Why Curate a Dataset?

  • Reproducible evaluation — run the same evaluators against the same traces across versions
  • Regression detection — catch quality drops when you change prompts, models, or tools
  • Ground truth — manually scored traces become labeled examples for evaluator calibration
  • Fine-tuning — high-quality traces can seed fine-tuning datasets

List Your Datasets

Use foxhound_list_datasets to see existing datasets:

Show me my datasets

The response includes dataset IDs, names, trace counts, and creation dates. Use a dataset ID from this list when curating.

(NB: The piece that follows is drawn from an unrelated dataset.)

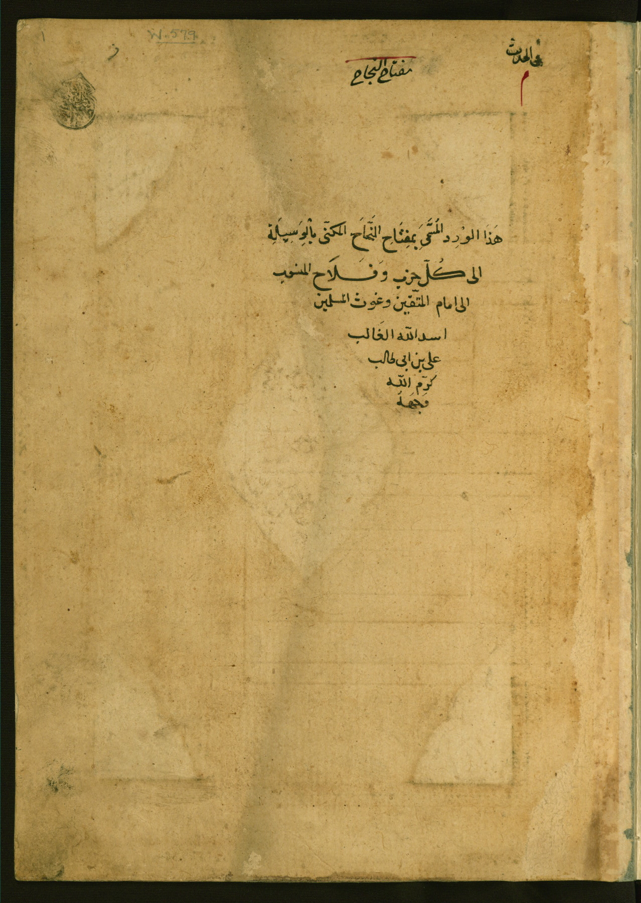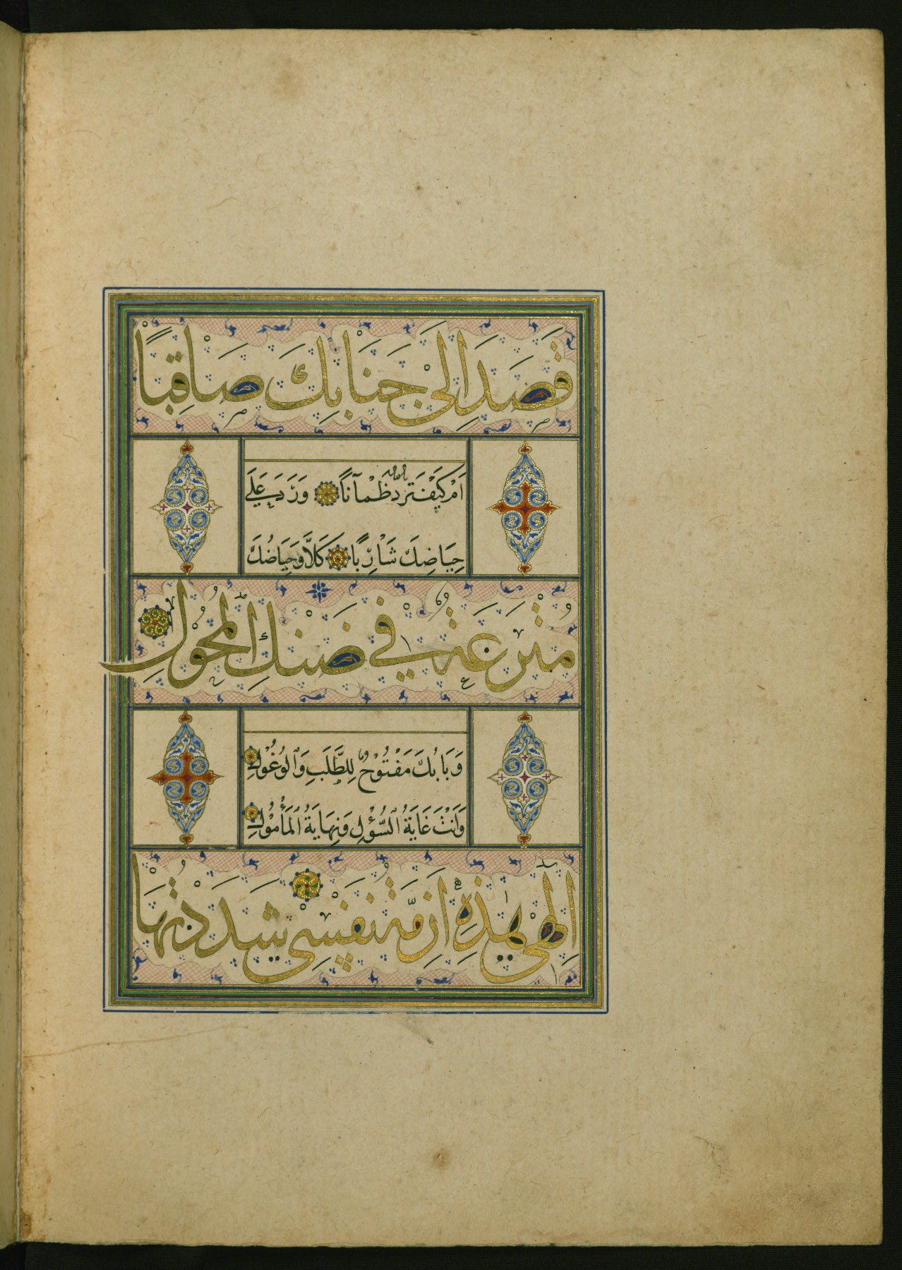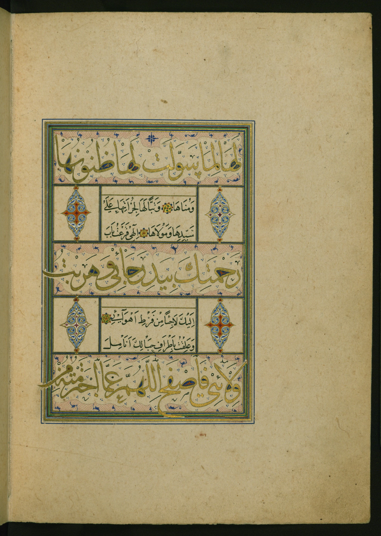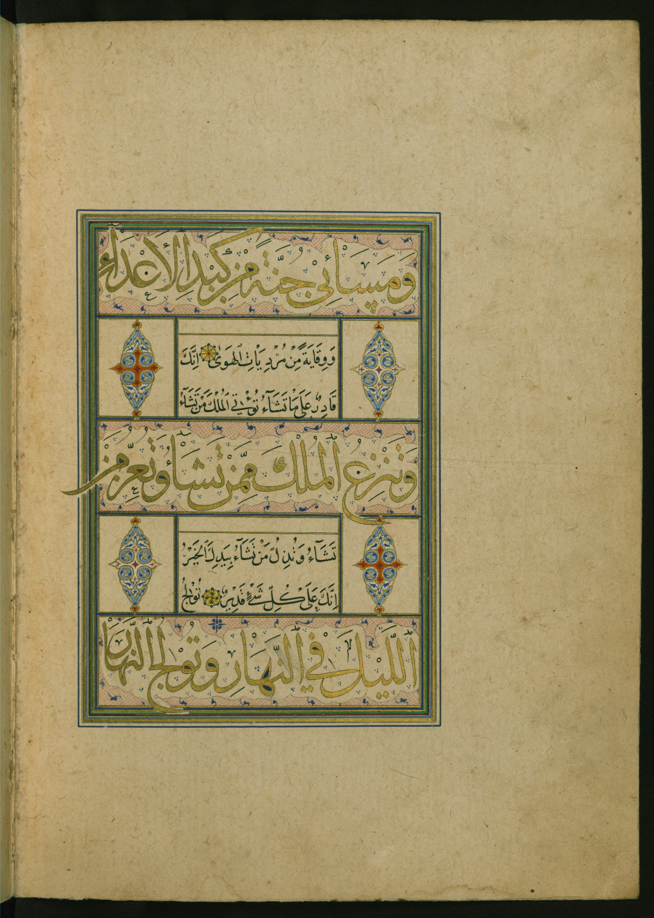 This illuminated manuscript is of a prayer (wird) called Miftāḥ al-najāḥ, attributed to ʿAlī ibn Abī Ṭālib, the fourth caliph of Islam. According to the colophon, it was completed by Shaykh Kamāl ibn ʿAbd al-Ḥaqq al-Sabzawārī, the calligrapher and illuminator, in Astarabad (present-day Gorgan, Iran) in 941 AH / 1534 CE. The text, divided into five compartments, is in calligraphic vocalized naskh in black ink and vocalized thuluth in gold ink outlined in black. Illuminated rosettes with colored dots serve as verse markers. The decorated colophon (fol. 8b) is written in tawqīʿ/riqāʿ script in gold ink. Later bequest (waqf) seal impressions of the Vizier al-Shahīd ʿAlī Pāshā, dated 1130 AH / 1717 CE, appear on fols. 2a, 2b, and 3a. The brown leather binding with interconnected gold-tooled lobed medallions and discs and doublures with filigree decoration is original to the manuscript.

foxhound_list_datasets takes no parameters.

Add a Single Trace

Use foxhound_add_trace_to_dataset to add one trace to a dataset. This is ideal for traces you've manually reviewed and want to preserve as labeled examples.

Add trace abc-123 to dataset ds_helpfulness_golden

Parameters

ParameterTypeRequiredDescription
trace_idstringYesThe trace to add
dataset_idstringYesThe target dataset

Preview / Confirm Pattern

Like all write operations, foxhound_add_trace_to_dataset shows a preview before writing:

Preview: Add trace abc-123 to dataset ds_helpfulness_golden
trace: abc-123 (billing-bot, 2024-01-15, score: helpfulness=0.92)
dataset: ds_helpfulness_golden (42 traces currently)
Confirm to proceed.

Confirm to add the trace. The sourceTraceId field on the dataset entry records which production trace it came from, preserving lineage.

Lineage Tracking

Every trace added to a dataset has a sourceTraceId field. This lets you:

  • Trace a dataset entry back to the original production run
  • Audit which version of the agent produced the trace
  • Reproduce the exact input/output context for debugging

Bulk Curation by Score Threshold

Use foxhound_curate_dataset to add multiple traces at once by filtering on score criteria. This is useful for automatically collecting high-quality examples from recent production traffic.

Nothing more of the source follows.